Me contó que hace mucho tiempo aquellas montañas tan altas que se veían desde la casa estaban debajo del mar. También donde estábamos nosotros. Aquellos bichos habían quedado atrapados entre las piedras y, con el transcurrir del tiempo, ellos mismos terminaron convirtiéndose en piedra. Mi cerebro todavía no procesaba bien lo de los tiempos, así que pensaba que la «cocina vieja», toda destartalada y con trastos, estaba así porque los tiburones habían entrado en la época subacuática y se la habían cargado a base de coletazos.

Me debió pegar duro lo de los fósiles, porque empecé a sacar libros de la biblioteca y a mirar las láminas de la Larousse.
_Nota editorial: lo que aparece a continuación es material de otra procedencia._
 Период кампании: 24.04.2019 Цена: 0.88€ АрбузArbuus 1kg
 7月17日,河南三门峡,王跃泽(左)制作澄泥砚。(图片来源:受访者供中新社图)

Seguramente me quedaría mirando en los puestos que había en la Plaza Mayor (¿los domingos?), hasta que un día tía María Luisa me compró el primer animal petrificado. Era un ‘ammonites’, uno de esos caracoles que había visto en el muro con el abuelo, aunque de caracol tenía poco y en realidad estaba más emparentado con los calamares, igual que los ‘belemnites’, cuyos restos tenían forma de bala. Luego llegó una raspa como de sardina en arcilla y, el mejor de todos, un trilobites perfecto, con su molde y todo, en postura ondulante.

Estaba bien que te comprasen fósiles en un mercadillo, sí, pero no era suficiente. Un día, pasados los años y ya en la adolescencia, en un paseo campestre por el pueblo descubrí que la máquina que había abierto una pista forestal había dejado al descubierto fragmentos de piedras llenas de animales fosilizados. Bajorrelieves de un dios antiguo, como en los cuentos de Lovecraft.
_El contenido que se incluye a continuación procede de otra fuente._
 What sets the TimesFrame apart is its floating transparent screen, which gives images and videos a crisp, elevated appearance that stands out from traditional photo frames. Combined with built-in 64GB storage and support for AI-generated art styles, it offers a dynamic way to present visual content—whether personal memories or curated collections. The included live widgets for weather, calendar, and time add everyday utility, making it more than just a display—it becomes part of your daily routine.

Desde entonces empecé a frecuentar ese camino. Cada vez más y más rocas maravillosas hasta que un día la vi en medio de un prado cercano: una enorme masa blanca, como un monumento a la vida extinguida. Me quedé como Sam Neill cuando vio al braquiosaurio en ‘Jurassic Park’, todo ojos y manos temblequeantes. Me gusta pensar en estas cosas cuando siento que nada pervive y que todo desaparece. Un día también alguien encontrará mis restos.